Espaces naturels n°31 - juillet 2010
Laoumi Aboutoihi
Chargé de mission à l’Agence des aires marines protégées
L’aboutissement du processus de concertation qui, en janvier dernier, a donné naissance au Parc naturel marin de Mayotte ne doit rien au hasard. Faire cheminer les populations vers l’acceptation d’un tel parc supposait nécessairement d’être compris avant même de comprendre les réalités sociales, économiques et culturelles. La mission1 a donc pris en compte le fait que nombre de Mahorais maîtrisent encore mal la langue française. Ainsi, les deux langues majoritairement parlées sur l’île (shimaorais et shibushi) ont été systématiquement employées lors des échanges destinés à recueillir les avis et dans les explications destinées à promouvoir le parc. Dans le même esprit, la mission comptait trois agents recrutés localement et susceptibles de percevoir plus intuitivement les hommes et les réalités.
L’équipe a ainsi sillonné les dix-sept communes de l’île pour expliquer le projet. Elle a mené des entretiens avec les pêcheurs, les aquaculteurs, les acteurs du tourisme afin de saisir les enjeux et problématiques de cette pêche vivrière.

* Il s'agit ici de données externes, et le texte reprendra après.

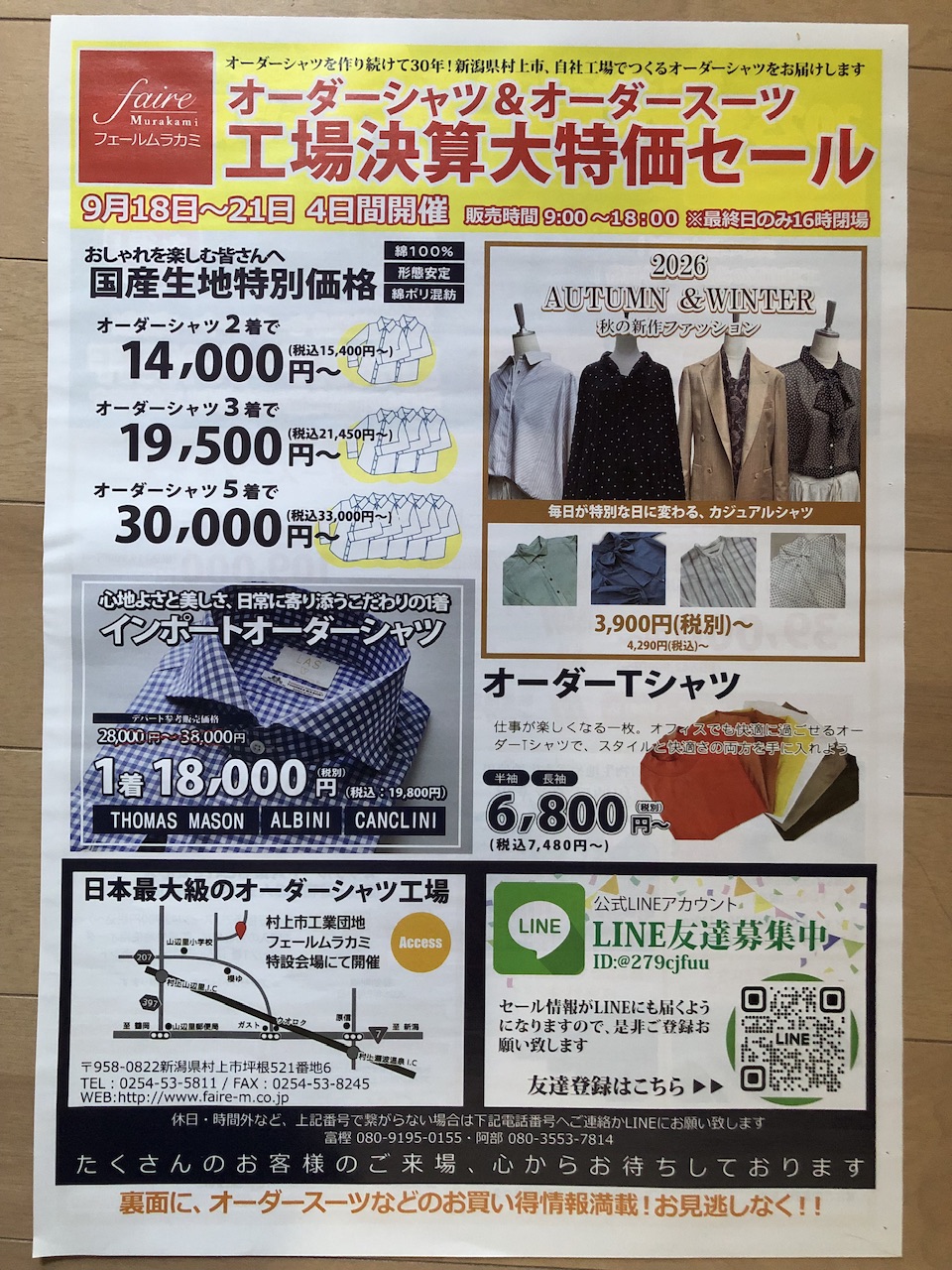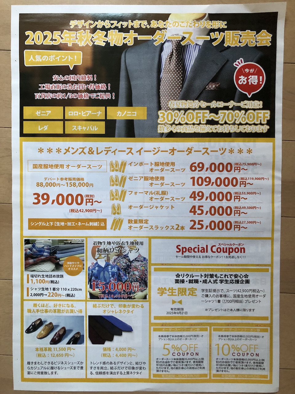 2025年秋冬物オーダースーツ販売会 店舗名 : フェールムラカミチラシ期限 : 2025/9/24 国産生地オーダーメードスーツ39,000円から インポート服地使用オーダーメードスーツ69,000円から 本格革靴11,500円から 国産生地オーダーシャツ2着14,000円から インポート服地オーダーシャツ18,000円から オーダーTシャツも扱っております。 投稿ナビゲーション 前の記事あがの牛強化月間次の記事秋のお彼岸 2025年9月13日 zucky ジャンルなし, 新潟県 コメントを残す

Prendre en compte les usages s’est également avéré indispensable. La pêche au djarifa par exemple, est-elle ou non destructrice ? Celle-ci, pratiquée majoritairement par les femmes, consiste à prélever de petits poissons à l’aide d’un tissu faisant office de filet. Pour savoir s’il y a lieu de promouvoir cette pratique traditionnelle ou s’il convient de l’adapter afin de la rendre respectueuse de la ressource halieutique, une étude a été initiée avec une forte implication des femmes adeptes de cette pêche.
Par ailleurs, dans ce contexte où les gens participent difficilement (difficultés de déplacements, d’appropriation du projet…), une réflexion sur la mise en place de moyens adaptés a fait jour. Les registres déposés en mairie ne devaient pas restés vides de remarques ! Ainsi la communication s’est faite au travers d’articles de presse, de spots TV et radio, là encore en langues locales.

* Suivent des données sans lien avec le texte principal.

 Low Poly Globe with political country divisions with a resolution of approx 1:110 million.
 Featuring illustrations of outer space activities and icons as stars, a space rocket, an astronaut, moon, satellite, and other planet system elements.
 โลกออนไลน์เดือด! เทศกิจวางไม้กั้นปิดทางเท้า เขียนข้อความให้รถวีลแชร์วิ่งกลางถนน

Quant aux propositions ouvertes à enquête publique et concernant par exemple les limites du parc ou les orientations de gestion, elles ont été déposées en mairie accompagnées d’un film en langues locales et diffusé en continu.
Un des points forts de cette concertation repose sur la mobilisation de personnes « relais » dans chaque commune : des agents du conseil général. Là encore, des hommes du terrain. Un atout indéniable !
1. Placée sous l’autorité du préfet, la mission a été mise en place par l’Agence des aires marines protégées.